== Work item ==
These records contain pictures, which must be left out; copy exactly the lines from the one with "Ante esta amenaza" up to and including the one with "牛肉・白菜・玉ねぎ・ねぎ・豆".

== Record excerpts ==
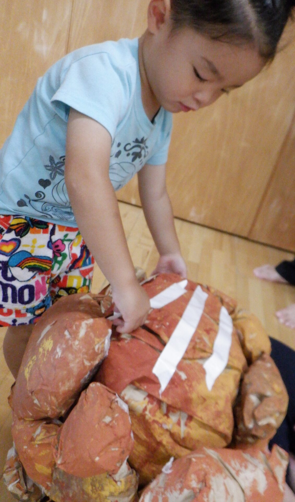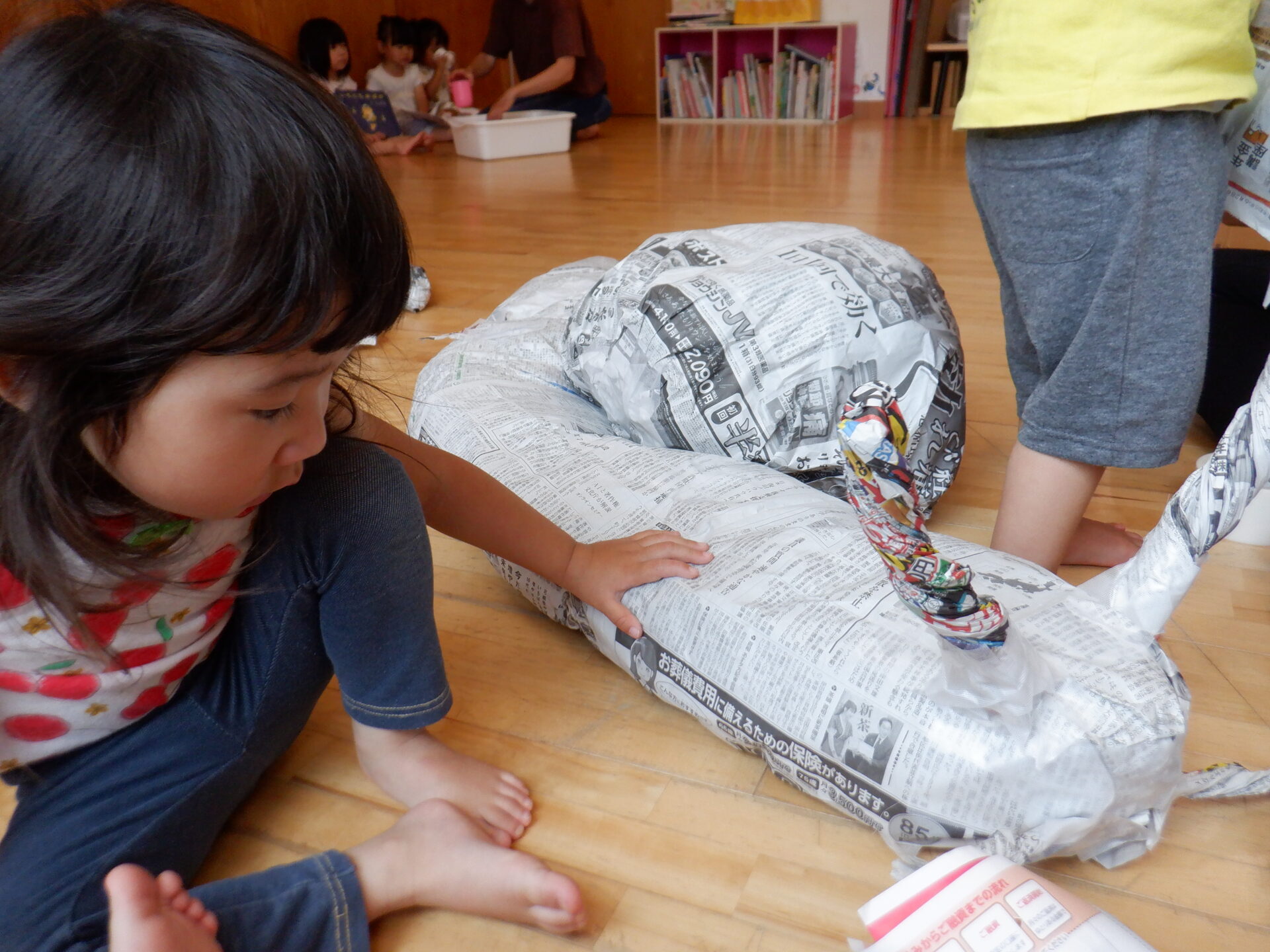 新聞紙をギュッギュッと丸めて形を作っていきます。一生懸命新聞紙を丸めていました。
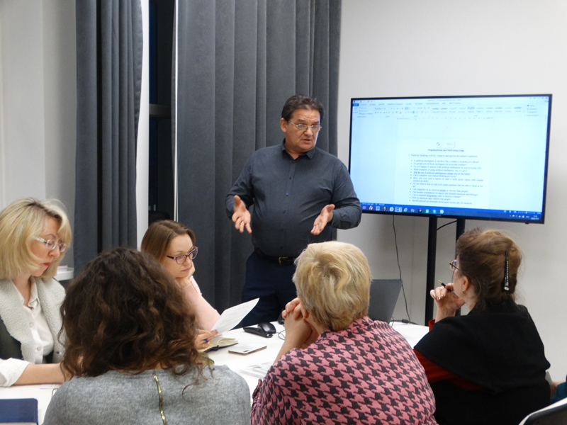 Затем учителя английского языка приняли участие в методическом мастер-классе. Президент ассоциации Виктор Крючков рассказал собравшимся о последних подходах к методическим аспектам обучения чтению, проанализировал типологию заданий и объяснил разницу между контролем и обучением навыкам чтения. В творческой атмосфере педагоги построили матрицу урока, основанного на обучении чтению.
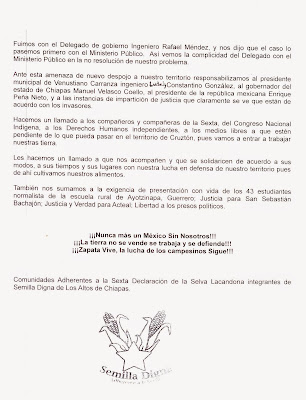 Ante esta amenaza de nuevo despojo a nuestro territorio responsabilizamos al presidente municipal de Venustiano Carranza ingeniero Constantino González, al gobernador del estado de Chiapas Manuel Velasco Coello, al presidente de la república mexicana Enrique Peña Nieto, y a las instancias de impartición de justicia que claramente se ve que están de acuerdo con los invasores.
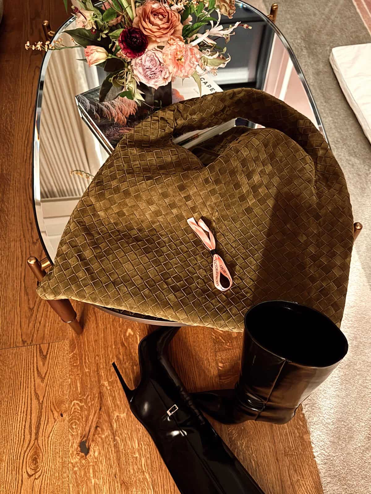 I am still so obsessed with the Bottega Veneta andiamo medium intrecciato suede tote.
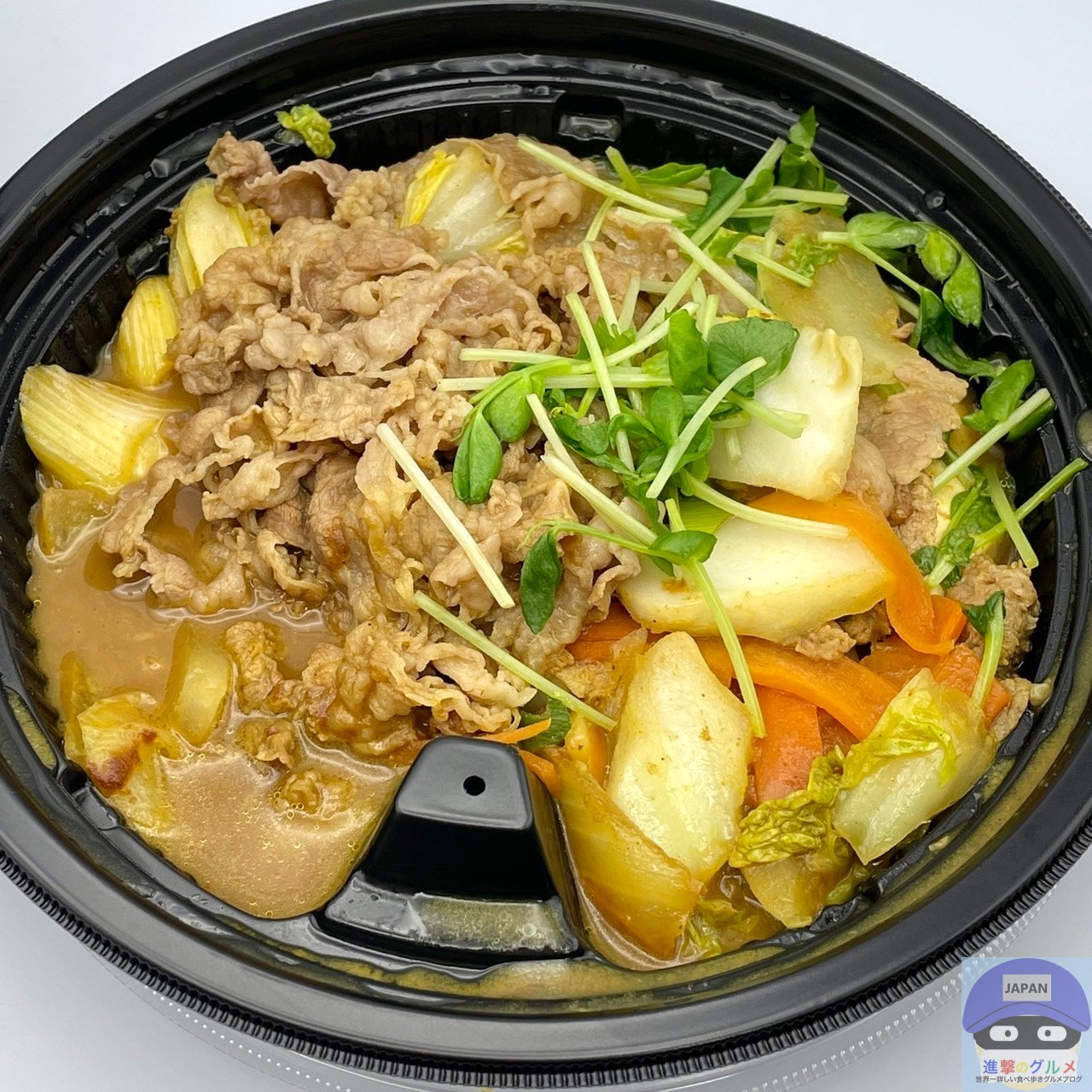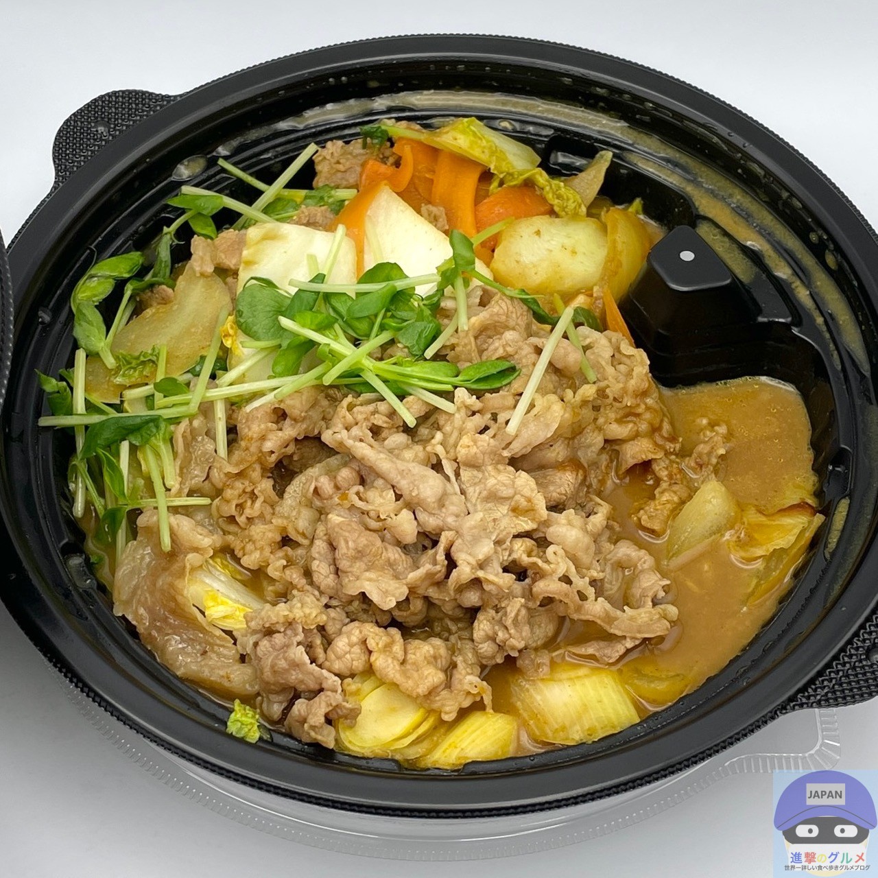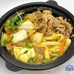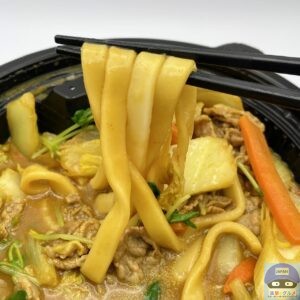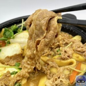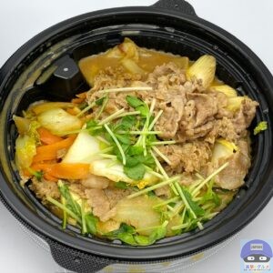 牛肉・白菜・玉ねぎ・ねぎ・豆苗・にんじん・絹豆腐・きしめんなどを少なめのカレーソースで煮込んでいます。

==

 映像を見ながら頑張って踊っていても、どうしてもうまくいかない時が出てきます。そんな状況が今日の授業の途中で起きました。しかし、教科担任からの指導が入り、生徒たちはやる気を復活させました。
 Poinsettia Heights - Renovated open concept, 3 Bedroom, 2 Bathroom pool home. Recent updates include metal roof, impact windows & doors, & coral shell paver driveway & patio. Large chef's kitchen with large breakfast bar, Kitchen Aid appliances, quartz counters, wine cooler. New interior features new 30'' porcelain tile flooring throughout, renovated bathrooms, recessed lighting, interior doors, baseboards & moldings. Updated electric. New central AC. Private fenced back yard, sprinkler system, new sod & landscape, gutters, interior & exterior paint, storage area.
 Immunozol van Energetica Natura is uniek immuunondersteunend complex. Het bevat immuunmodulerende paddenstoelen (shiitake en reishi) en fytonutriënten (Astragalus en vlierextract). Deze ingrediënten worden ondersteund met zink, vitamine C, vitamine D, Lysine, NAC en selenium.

==

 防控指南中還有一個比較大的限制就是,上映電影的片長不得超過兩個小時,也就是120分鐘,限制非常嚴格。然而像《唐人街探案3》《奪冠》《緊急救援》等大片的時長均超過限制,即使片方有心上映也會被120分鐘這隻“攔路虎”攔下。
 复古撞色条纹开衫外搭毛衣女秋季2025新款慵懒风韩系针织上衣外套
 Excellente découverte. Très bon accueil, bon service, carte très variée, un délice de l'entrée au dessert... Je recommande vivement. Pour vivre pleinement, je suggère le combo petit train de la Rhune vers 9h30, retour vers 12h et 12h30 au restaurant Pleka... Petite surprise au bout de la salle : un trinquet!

== Output for this exercise ==
 Ante esta amenaza de nuevo despojo a nuestro territorio responsabilizamos al presidente municipal de Venustiano Carranza ingeniero Constantino González, al gobernador del estado de Chiapas Manuel Velasco Coello, al presidente de la república mexicana Enrique Peña Nieto, y a las instancias de impartición de justicia que claramente se ve que están de acuerdo con los invasores.
 I am still so obsessed with the Bottega Veneta andiamo medium intrecciato suede tote.
 牛肉・白菜・玉ねぎ・ねぎ・豆苗・にんじん・絹豆腐・きしめんなどを少なめのカレーソースで煮込んでいます。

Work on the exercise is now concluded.